## Supplied information
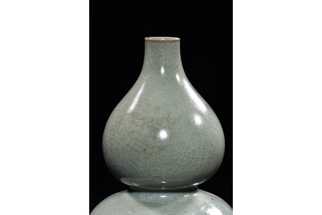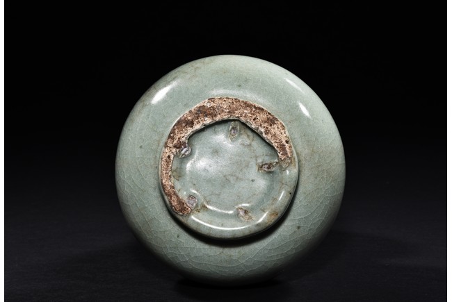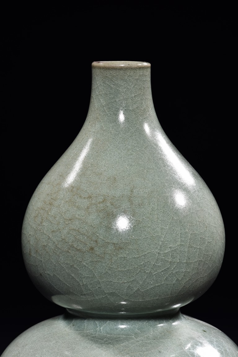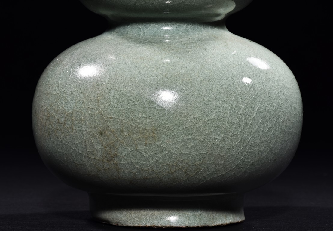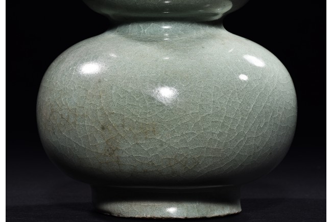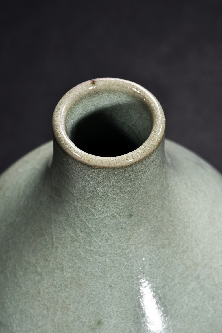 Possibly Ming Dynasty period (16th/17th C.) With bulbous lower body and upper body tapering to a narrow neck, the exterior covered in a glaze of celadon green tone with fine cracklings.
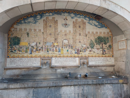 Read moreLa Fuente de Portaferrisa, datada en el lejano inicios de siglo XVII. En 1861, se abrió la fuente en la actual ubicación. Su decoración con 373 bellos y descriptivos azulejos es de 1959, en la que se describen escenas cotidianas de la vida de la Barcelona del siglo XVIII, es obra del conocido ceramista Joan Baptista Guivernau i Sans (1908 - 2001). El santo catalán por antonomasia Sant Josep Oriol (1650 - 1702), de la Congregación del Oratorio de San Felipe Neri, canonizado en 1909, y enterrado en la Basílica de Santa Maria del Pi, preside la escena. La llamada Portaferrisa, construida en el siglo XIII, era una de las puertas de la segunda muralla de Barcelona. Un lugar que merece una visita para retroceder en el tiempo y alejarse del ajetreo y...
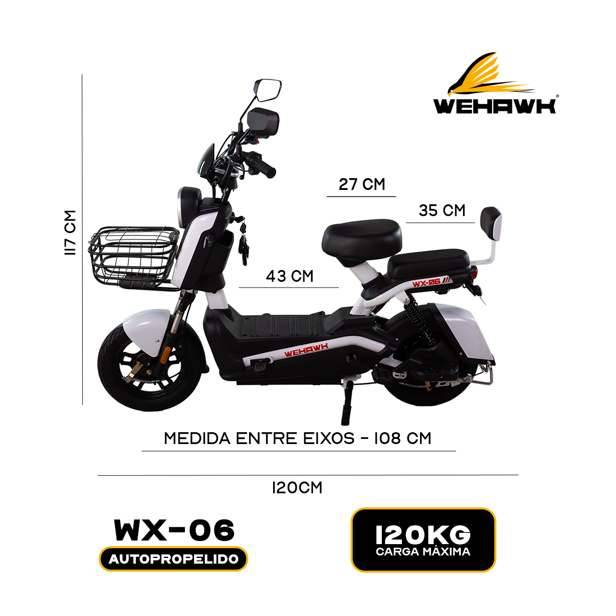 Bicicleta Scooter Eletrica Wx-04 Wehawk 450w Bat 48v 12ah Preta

## Aim of the task
Restate the material above word for word, omitting the pictures.

## Output below
 Possibly Ming Dynasty period (16th/17th C.) With bulbous lower body and upper body tapering to a narrow neck, the exterior covered in a glaze of celadon green tone with fine cracklings.
 Read moreLa Fuente de Portaferrisa, datada en el lejano inicios de siglo XVII. En 1861, se abrió la fuente en la actual ubicación. Su decoración con 373 bellos y descriptivos azulejos es de 1959, en la que se describen escenas cotidianas de la vida de la Barcelona del siglo XVIII, es obra del conocido ceramista Joan Baptista Guivernau i Sans (1908 - 2001). El santo catalán por antonomasia Sant Josep Oriol (1650 - 1702), de la Congregación del Oratorio de San Felipe Neri, canonizado en 1909, y enterrado en la Basílica de Santa Maria del Pi, preside la escena. La llamada Portaferrisa, construida en el siglo XIII, era una de las puertas de la segunda muralla de Barcelona. Un lugar que merece una visita para retroceder en el tiempo y alejarse del ajetreo y...
 Bicicleta Scooter Eletrica Wx-04 Wehawk 450w Bat 48v 12ah Preta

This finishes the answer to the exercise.